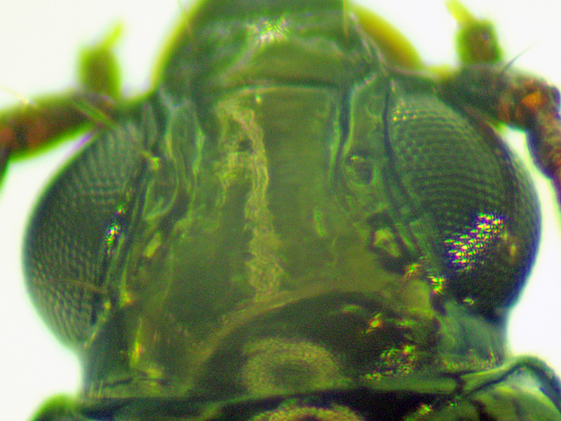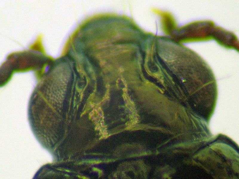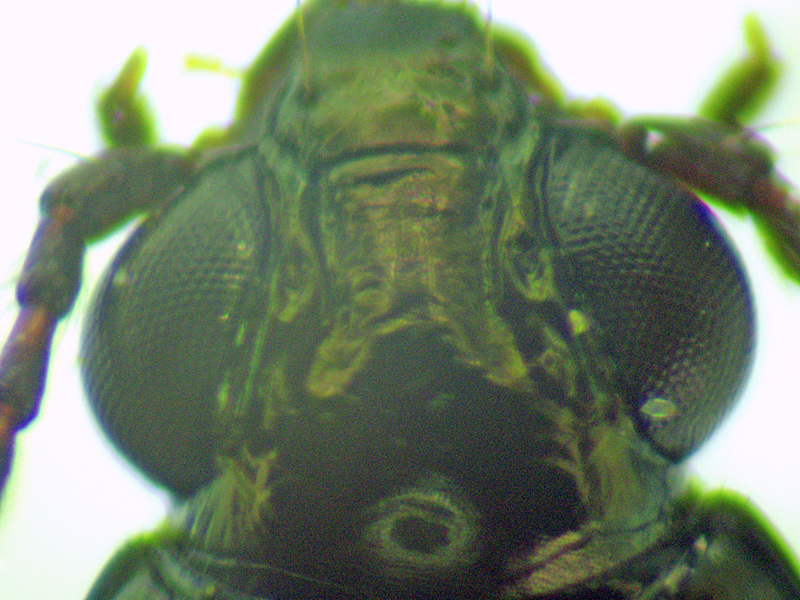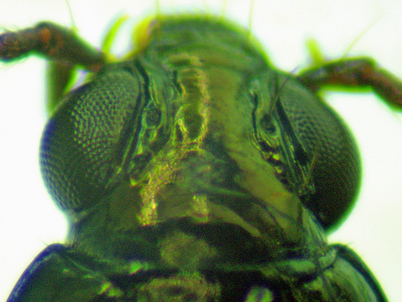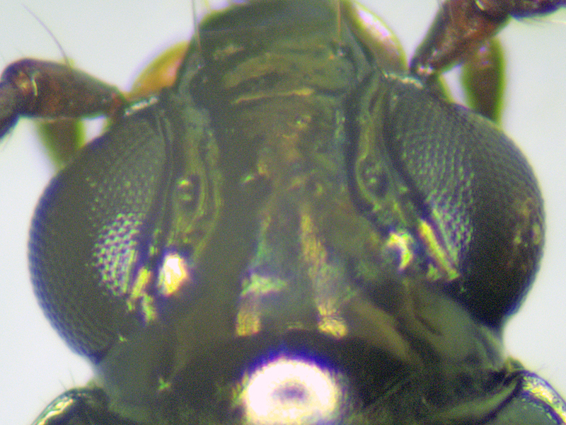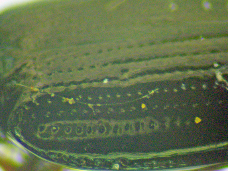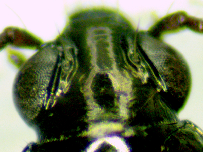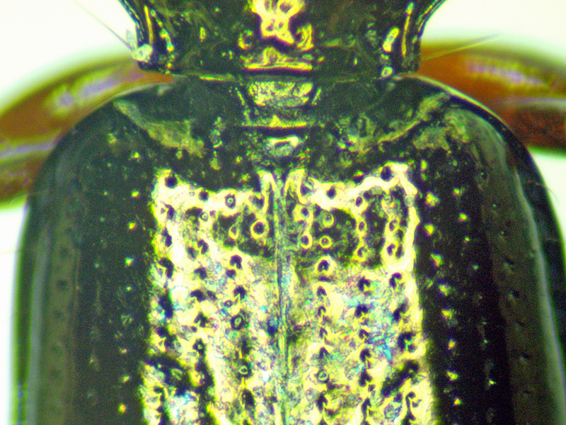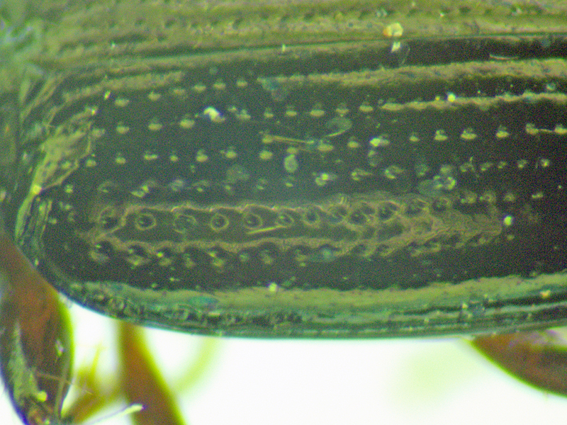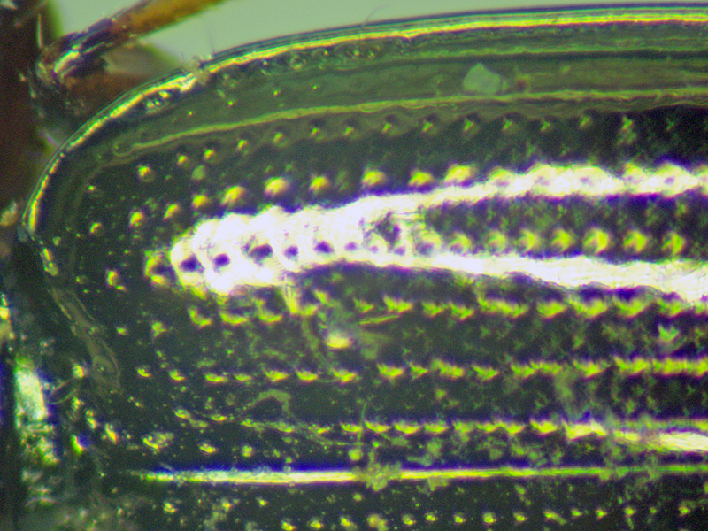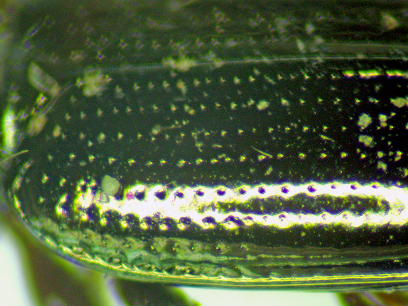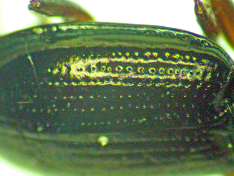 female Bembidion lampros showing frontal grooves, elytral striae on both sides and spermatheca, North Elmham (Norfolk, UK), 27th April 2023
════════
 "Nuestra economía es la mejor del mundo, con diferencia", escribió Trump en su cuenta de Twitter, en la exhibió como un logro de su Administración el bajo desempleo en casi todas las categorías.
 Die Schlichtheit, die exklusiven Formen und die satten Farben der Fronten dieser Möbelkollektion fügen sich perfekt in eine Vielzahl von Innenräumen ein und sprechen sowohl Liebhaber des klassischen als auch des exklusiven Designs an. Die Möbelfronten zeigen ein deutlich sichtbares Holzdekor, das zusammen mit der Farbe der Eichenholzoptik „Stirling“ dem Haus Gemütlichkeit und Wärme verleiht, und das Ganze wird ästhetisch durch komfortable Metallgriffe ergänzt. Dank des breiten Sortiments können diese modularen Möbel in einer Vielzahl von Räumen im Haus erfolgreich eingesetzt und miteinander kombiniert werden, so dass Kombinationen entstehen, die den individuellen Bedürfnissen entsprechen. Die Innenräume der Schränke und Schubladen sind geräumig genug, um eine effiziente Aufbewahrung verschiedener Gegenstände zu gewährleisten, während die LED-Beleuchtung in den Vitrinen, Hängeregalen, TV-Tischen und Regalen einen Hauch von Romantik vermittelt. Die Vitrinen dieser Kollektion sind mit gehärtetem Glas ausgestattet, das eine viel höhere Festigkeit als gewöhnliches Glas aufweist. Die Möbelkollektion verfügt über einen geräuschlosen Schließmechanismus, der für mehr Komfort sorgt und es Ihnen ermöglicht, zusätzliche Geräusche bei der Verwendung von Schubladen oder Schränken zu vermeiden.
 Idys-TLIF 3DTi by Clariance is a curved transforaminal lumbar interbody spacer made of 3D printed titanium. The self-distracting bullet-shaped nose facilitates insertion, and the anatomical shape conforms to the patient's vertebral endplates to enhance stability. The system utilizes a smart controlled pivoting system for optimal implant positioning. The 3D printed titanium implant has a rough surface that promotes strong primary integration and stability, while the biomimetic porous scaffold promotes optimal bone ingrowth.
════════
Work instructions ->
Would you print exactly and only the lines of the material above that run from the line with "todas las categorías." through the line with "Die Schlichtheit, die", both included?

Your response ->
 "Nuestra economía es la mejor del mundo, con diferencia", escribió Trump en su cuenta de Twitter, en la exhibió como un logro de su Administración el bajo desempleo en casi todas las categorías.
 Die Schlichtheit, die exklusiven Formen und die satten Farben der Fronten dieser Möbelkollektion fügen sich perfekt in eine Vielzahl von Innenräumen ein und sprechen sowohl Liebhaber des klassischen als auch des exklusiven Designs an. Die Möbelfronten zeigen ein deutlich sichtbares Holzdekor, das zusammen mit der Farbe der Eichenholzoptik „Stirling“ dem Haus Gemütlichkeit und Wärme verleiht, und das Ganze wird ästhetisch durch komfortable Metallgriffe ergänzt. Dank des breiten Sortiments können diese modularen Möbel in einer Vielzahl von Räumen im Haus erfolgreich eingesetzt und miteinander kombiniert werden, so dass Kombinationen entstehen, die den individuellen Bedürfnissen entsprechen. Die Innenräume der Schränke und Schubladen sind geräumig genug, um eine effiziente Aufbewahrung verschiedener Gegenstände zu gewährleisten, während die LED-Beleuchtung in den Vitrinen, Hängeregalen, TV-Tischen und Regalen einen Hauch von Romantik vermittelt. Die Vitrinen dieser Kollektion sind mit gehärtetem Glas ausgestattet, das eine viel höhere Festigkeit als gewöhnliches Glas aufweist. Die Möbelkollektion verfügt über einen geräuschlosen Schließmechanismus, der für mehr Komfort sorgt und es Ihnen ermöglicht, zusätzliche Geräusche bei der Verwendung von Schubladen oder Schränken zu vermeiden.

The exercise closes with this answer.